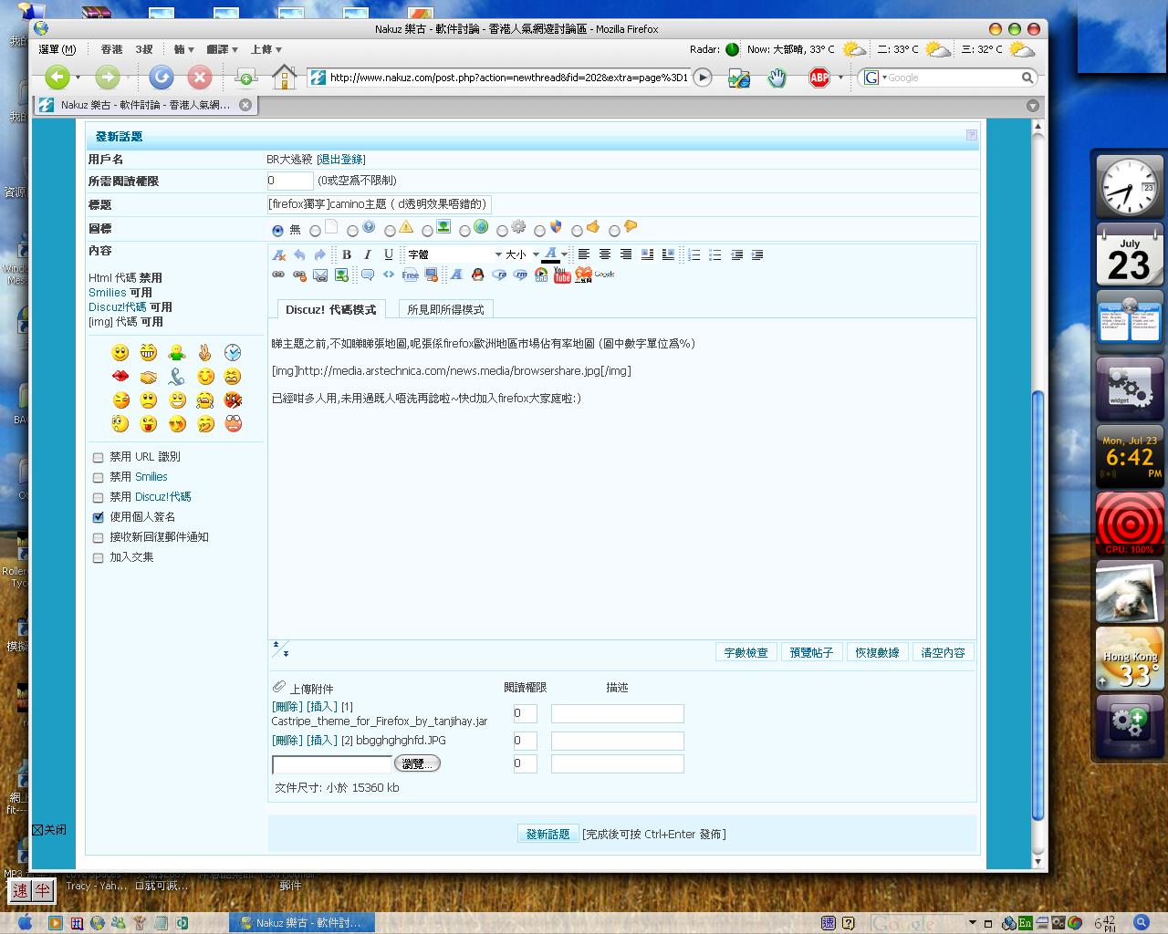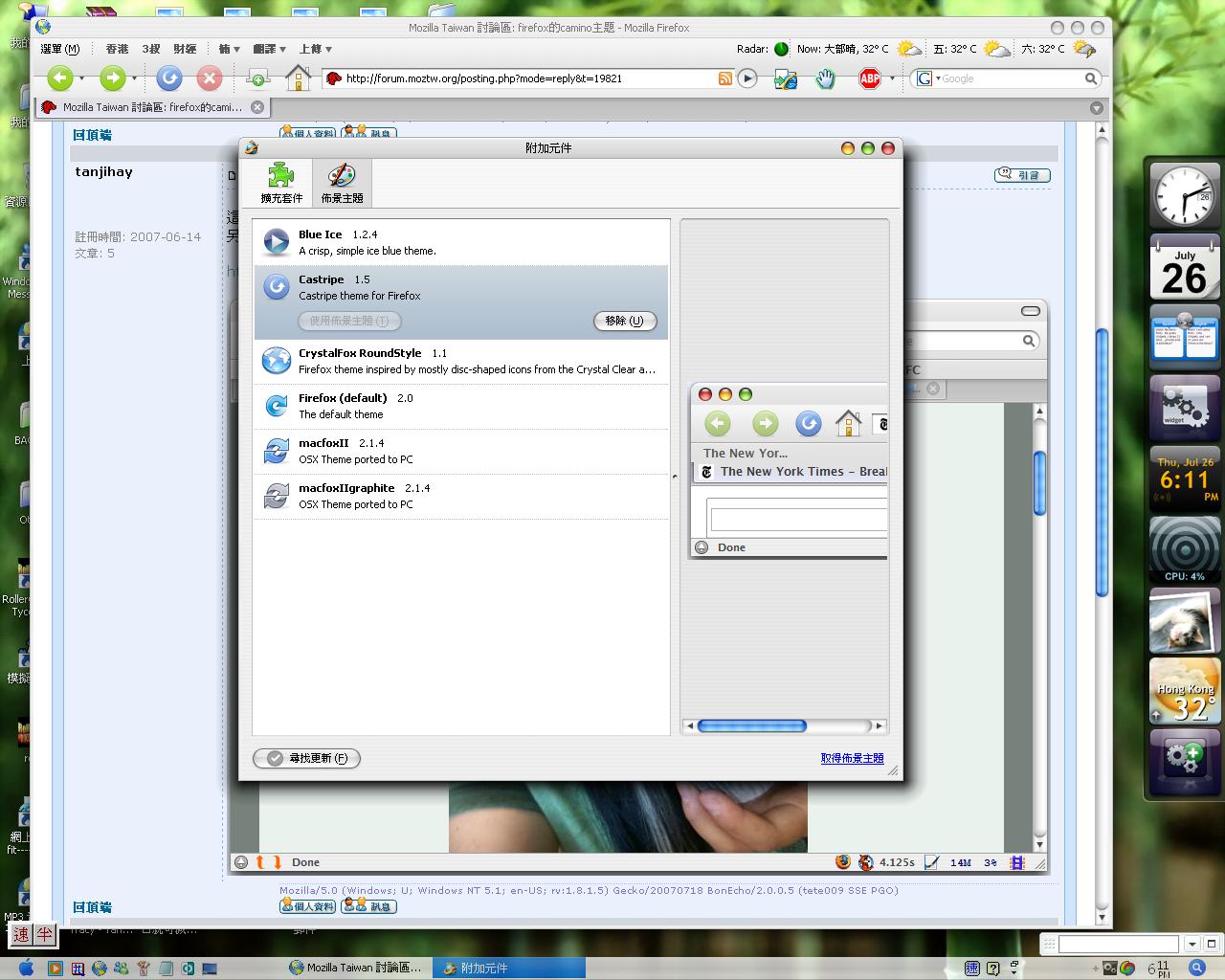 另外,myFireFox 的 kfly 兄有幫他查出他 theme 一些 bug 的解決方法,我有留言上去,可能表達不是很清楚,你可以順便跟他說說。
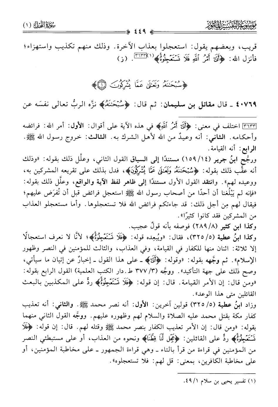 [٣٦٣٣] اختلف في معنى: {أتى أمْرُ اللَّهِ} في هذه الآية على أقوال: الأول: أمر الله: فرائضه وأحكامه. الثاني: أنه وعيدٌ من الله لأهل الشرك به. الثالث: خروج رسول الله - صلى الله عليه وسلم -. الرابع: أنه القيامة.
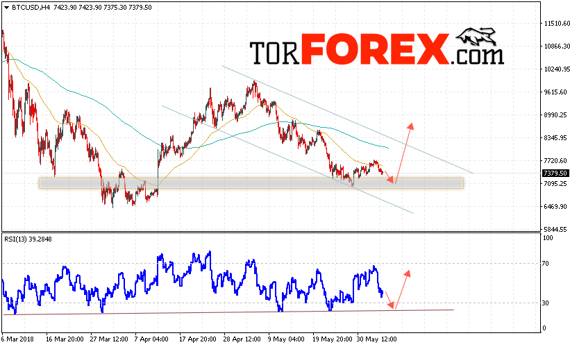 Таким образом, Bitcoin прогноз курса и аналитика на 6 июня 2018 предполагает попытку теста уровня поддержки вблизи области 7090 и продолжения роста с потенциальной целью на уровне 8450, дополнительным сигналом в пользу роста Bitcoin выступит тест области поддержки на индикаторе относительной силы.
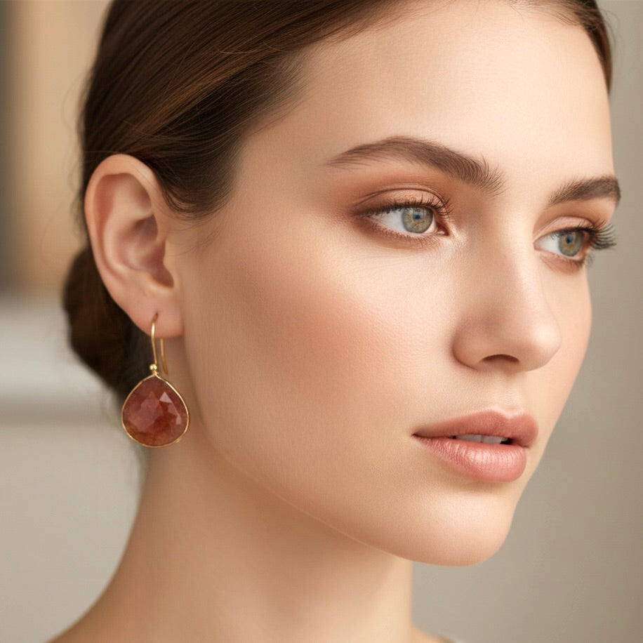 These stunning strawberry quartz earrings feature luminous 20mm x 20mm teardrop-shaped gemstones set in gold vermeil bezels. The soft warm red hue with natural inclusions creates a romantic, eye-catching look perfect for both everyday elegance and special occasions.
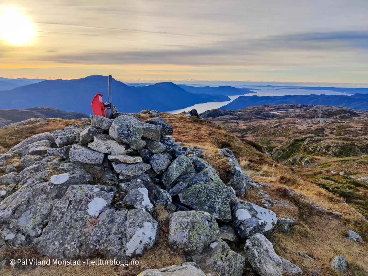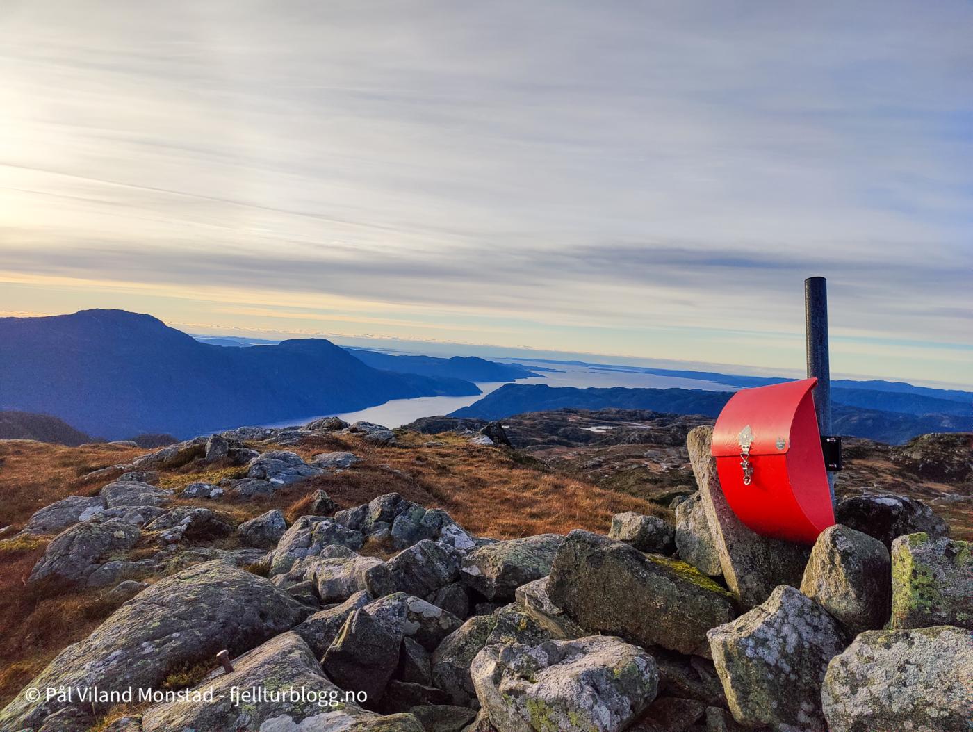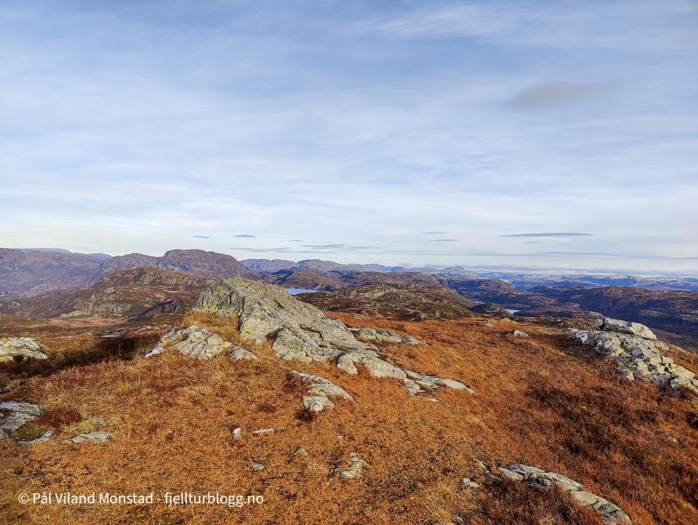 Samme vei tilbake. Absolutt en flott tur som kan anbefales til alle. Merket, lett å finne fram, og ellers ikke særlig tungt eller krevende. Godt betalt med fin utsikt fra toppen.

WORK TO COMPLETE:
When you copy the entries above, keep every word exactly and omit the images.

SOLUTION TO THIS EXERCISE:
 另外,myFireFox 的 kfly 兄有幫他查出他 theme 一些 bug 的解決方法,我有留言上去,可能表達不是很清楚,你可以順便跟他說說。
 [٣٦٣٣] اختلف في معنى: {أتى أمْرُ اللَّهِ} في هذه الآية على أقوال: الأول: أمر الله: فرائضه وأحكامه. الثاني: أنه وعيدٌ من الله لأهل الشرك به. الثالث: خروج رسول الله - صلى الله عليه وسلم -. الرابع: أنه القيامة.
 Таким образом, Bitcoin прогноз курса и аналитика на 6 июня 2018 предполагает попытку теста уровня поддержки вблизи области 7090 и продолжения роста с потенциальной целью на уровне 8450, дополнительным сигналом в пользу роста Bitcoin выступит тест области поддержки на индикаторе относительной силы.
 These stunning strawberry quartz earrings feature luminous 20mm x 20mm teardrop-shaped gemstones set in gold vermeil bezels. The soft warm red hue with natural inclusions creates a romantic, eye-catching look perfect for both everyday elegance and special occasions.
 Samme vei tilbake. Absolutt en flott tur som kan anbefales til alle. Merket, lett å finne fram, og ellers ikke særlig tungt eller krevende. Godt betalt med fin utsikt fra toppen.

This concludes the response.